下午我刚刚上班,我还没有走进办公室,电话铃叮呤呤响了起来,我习惯地拿起电话,电话那边传来急促的说话声,她病了,她昏倒在办公室门口的地上。
当我来到退休办公室的时候,她已经躺在长条椅子上,她两眼紧闭,她脸上露出痛苦的表情。厂医院的一个医生也来了,医生摘下听诊器。
医生说:“她血压有点高,已经吃过药了。”
医生一起呆了好一会,医生重新给她测量了血压。
医生说:“已经不要紧了,等她恢复一会,晚一点再接回家休息。”
下午上班她还好好的。
同事说:“我就在她后边,她刚刚走到办公室门口开门,只看见她腿一软就躺倒地上。”
退休办公室是在山上,是我们厂最高的建筑,也是一个最新颖别致的建筑,就像一个三层的六角亭子,还有一个高高的电视发射天线。一层是老年人活动中心,二楼是退休办公室的办公室,还有一部分健身器材,三楼就是我们厂的有线电视台。

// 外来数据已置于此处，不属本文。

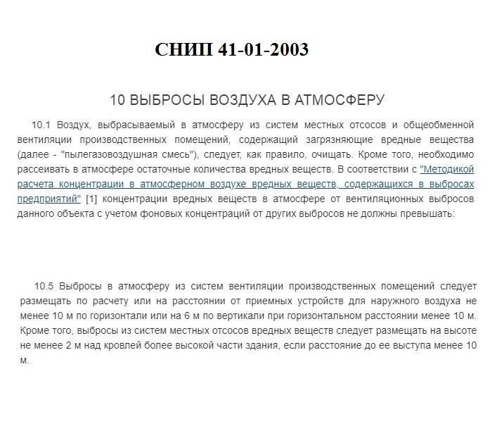 Boa tarde, Veronica. Eu aconselho você a elaborar o “SNIP 41-01-2003”, especialmente a seção 10, referente às emissões de substâncias contaminadas. Não vou reescrever os pontos - anexei uma captura de tela. Além das dimensões, que regulam a localização do tubo em relação aos elementos do edifício, há um ponto 10.1 interessante que requer limpeza preliminar das emissões. Você não precisa de limpeza, mas existem dispositivos de limpeza que removem o problema de um tubo de alta ventilação.
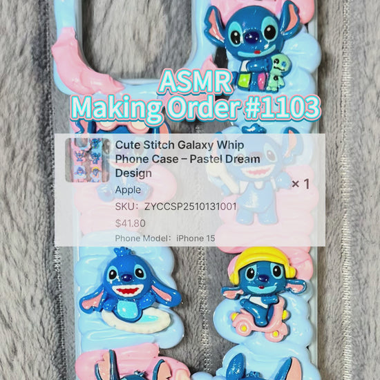 This handmade pastel phone case features adorable Stitch figures surrounded by dreamy pink and blue whipped cream swirls. Each pose captures Stitch’s playful charm — from skating to snacking! Perfect for fans who love kawaii, colorful, and one-of-a-kind accessories. 💫
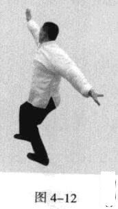 接着,身体向右后转体180度,以头领身,身带步,右脚向前踩出一步,左脚随追半步,以保持重心的稳固;同时,右臂向前上方逆时针螺旋拧出,左手同时做顺时针螺旋拧转向后鞭开,与右手形成对争之力并呼气;身体成顺势顺合,三尖对照,目视前方手之所指。此为右式。(图4-10一图4-12)
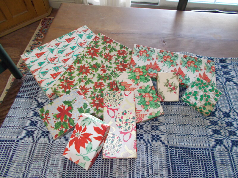 Offering 11 Christmas boxes, dating back to 1940's or so. Beautiful condition. Measuring 8"x10"x3/4" down to 3"x2"x1".
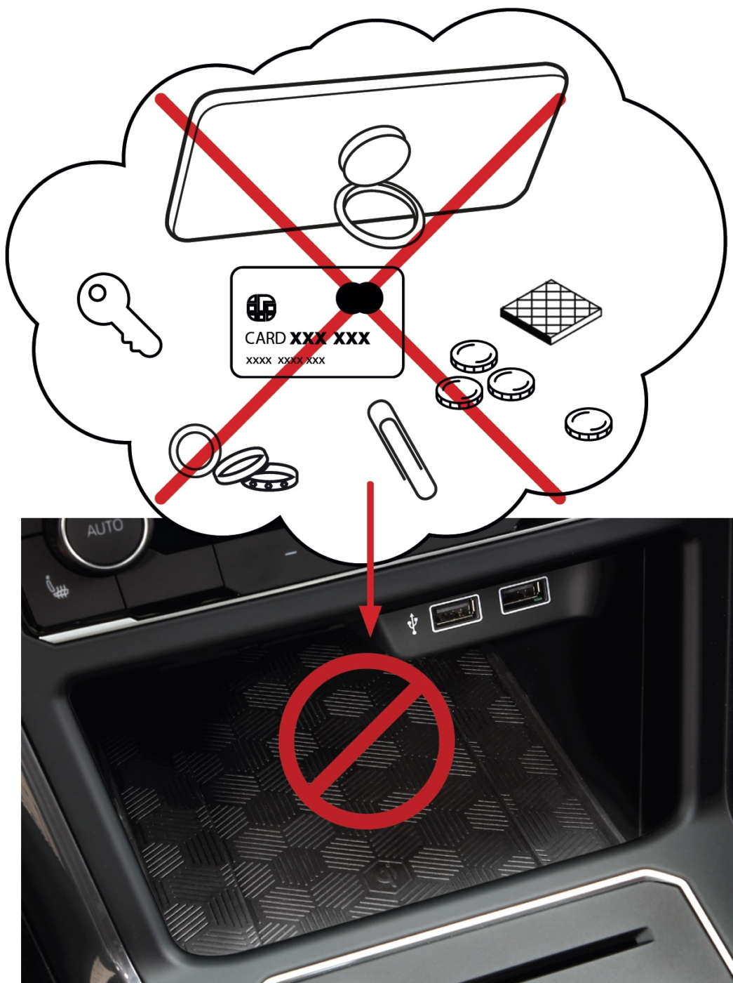 Sul tappetino di ricarica non vanno mai lasciati oggetti metallici come chiavi, monete, anelli e chip card poiché potrebbero danneggiare i componenti elettronici del caricatore e delle tessere.
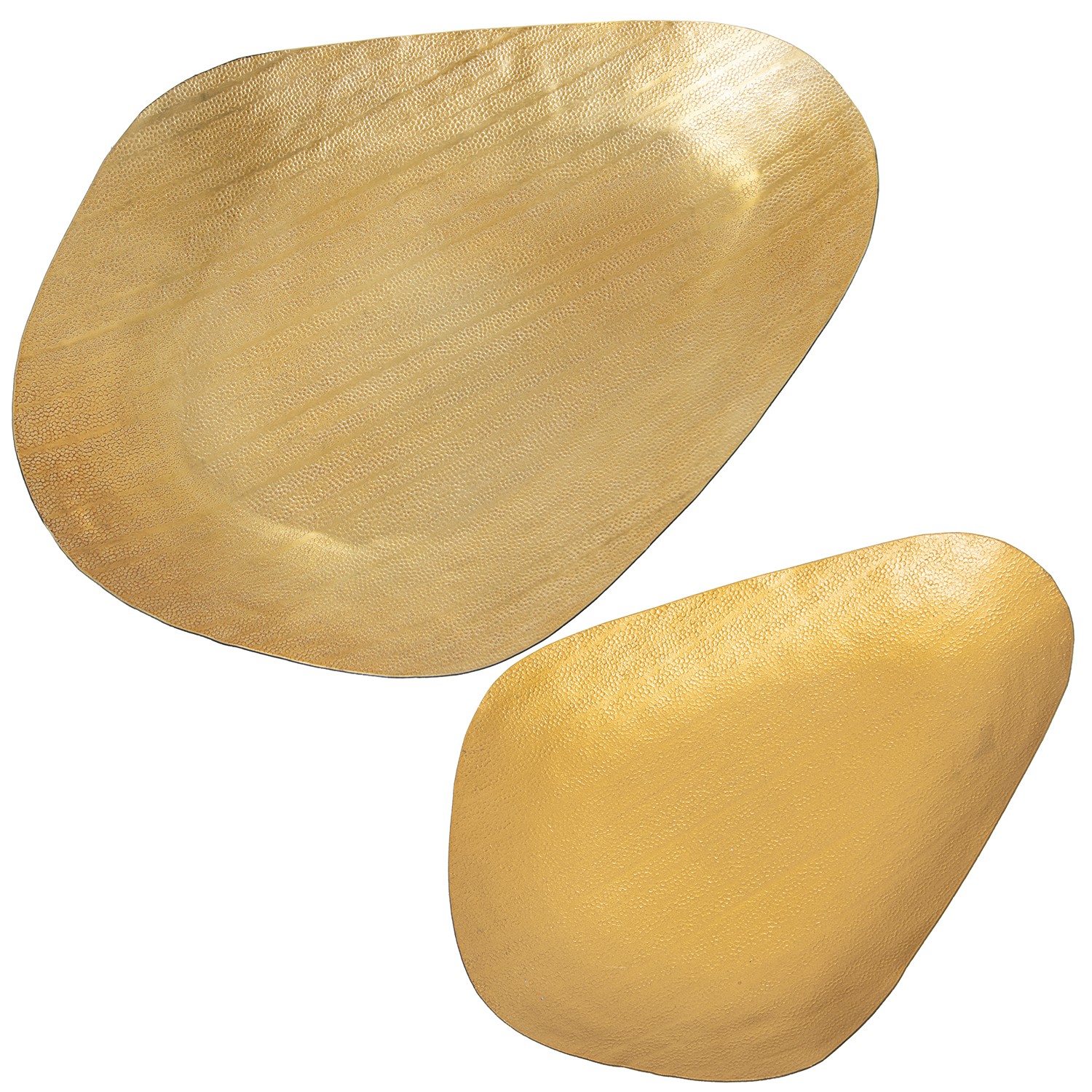Set 2 Bandejas Aluminio Tallado Dorado 31x23x2,5+42,5x32x4cm
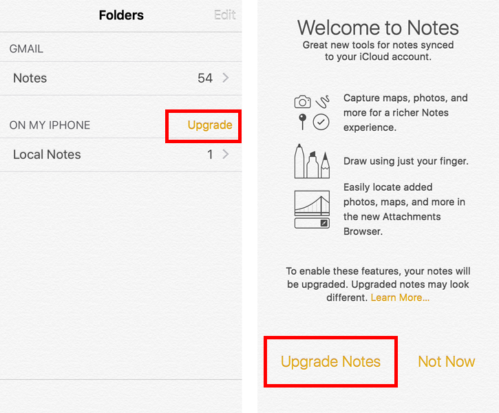 1. Make sure Notes is connected to iCloud. Navigate to Settings -> iCloud -> Notes -> ON (green slider).2. Open the Notes app and make sure it has been upgraded.
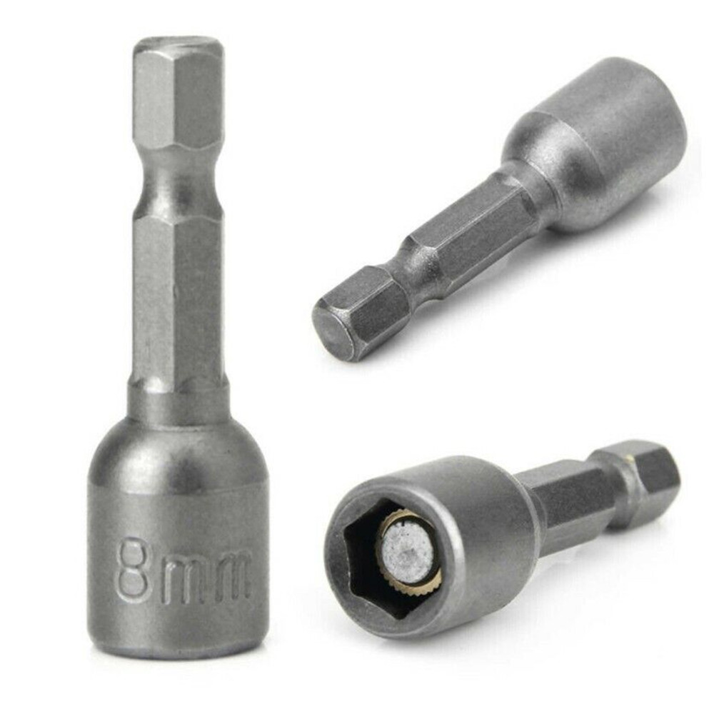 Magnetic nut setter can be used with an impact/bit driver or hex socket ratchet to securely grab nuts and fasteners for easy installation or loosening/removal.
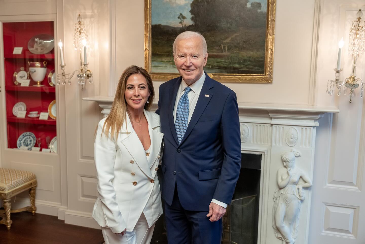 Stephanie Himonidis durante una entrevista con el entonces presidente de Estados Unidos, Joe Biden.
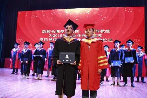 土建学院相关教师为毕业生颁发学位证书,陈梦成、徐长节共同为毕业生扶正流苏,并合影留念。

这个小楼,比最近的一栋职工宿舍还要高,走到小楼要登上四十几层台阶。这座山在伍家岗区是一座比较高的山,具体是多高我也说不清,反正站在这座小楼上,在建的所有的百米高楼尽收眼底。
医生走了,我静静地候在一旁,又过了一个多小时,她才勉强睁开眼睛。
她说:“好一点了,我们回家吧。”
我背起她。
其他人都在问:“要不要帮忙?”
我帮别人是经常的事情,我要别人帮忙好像没有几次。
我说:“用不着,我可以背回家。”
从高高的山坡上,走到平地上,先要下这个四十几层的阶梯,然后又是阶梯,一个漫长的下坡,接着又是六层楼。我不知道,我是怎样把她背回家的,我没有歇一口气,是一直把她背到家里。她不是那种小巧玲珑的体型,是一种再普通不过的中等身材,生过孩子的她已经不再那么轻盈,稍微有一点发福的她已经超过一百斤。当时的我一米七五的个头,也只有一百二十斤,除了生病我到现在体重还是在一百三十斤以下。
她说:“我刚刚走到办公室门口,天旋地转,眼睛一黑,就什么都不知道了。”
躺在床上。
她说:“我还是不能动,一动整个房子都在转,想吐。”
这时候的家里就我们两个人,大姑娘在医院已经有房子,小姑娘还在西安上学。大姑娘送来了一个水银血压计,我当天就学会了测量血压。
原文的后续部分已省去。